(Stored data):
----------
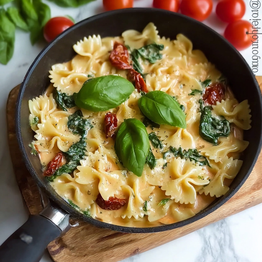 Try serving this pasta in shallow bowls to showcase the creamy sauce and colorful toppings. For a dinner party, consider plating the pasta neatly with the chicken slices artfully arranged on top. A sprinkle of toasted pine nuts or a drizzle of extra virgin olive oil right before serving can add unexpected texture and a glossy finish that’s sure to impress.
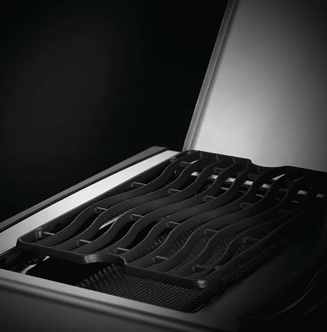 אמבטיית הגריל עשויה יציקת אלומיניום מלאה השומרת על החום בצורה מיטבית, ותורמת לשמירת החום גם בצלייה בטמפ’ נמוכה.
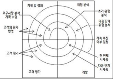3. 나선형 모델 : 계획/정의(목표, 제약조건 설정) > 위험분석(우선순위 기능선택) > 개발/구축(선택기능개발) > 고객평가
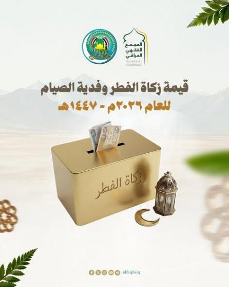 أعلن المجمع الفقهي العراقي بالتنسيق مع ديوان الوقف السني عن تحديد مقدار زكاة الفطر وفدية الصيام للعام 2026، داعيًا المواطنين إلى الالتزام بالقيمة المعلنة والمبادرة إلى أدائها ضمن الأوقات الشرعية المحددة خلال شهر رمضان المبارك.
----------
(Activity): Would you output the full listing exactly as it stands, minus the images?

(Response):
 Try serving this pasta in shallow bowls to showcase the creamy sauce and colorful toppings. For a dinner party, consider plating the pasta neatly with the chicken slices artfully arranged on top. A sprinkle of toasted pine nuts or a drizzle of extra virgin olive oil right before serving can add unexpected texture and a glossy finish that’s sure to impress.
 אמבטיית הגריל עשויה יציקת אלומיניום מלאה השומרת על החום בצורה מיטבית, ותורמת לשמירת החום גם בצלייה בטמפ’ נמוכה.
3. 나선형 모델 : 계획/정의(목표, 제약조건 설정) > 위험분석(우선순위 기능선택) > 개발/구축(선택기능개발) > 고객평가
 أعلن المجمع الفقهي العراقي بالتنسيق مع ديوان الوقف السني عن تحديد مقدار زكاة الفطر وفدية الصيام للعام 2026، داعيًا المواطنين إلى الالتزام بالقيمة المعلنة والمبادرة إلى أدائها ضمن الأوقات الشرعية المحددة خلال شهر رمضان المبارك.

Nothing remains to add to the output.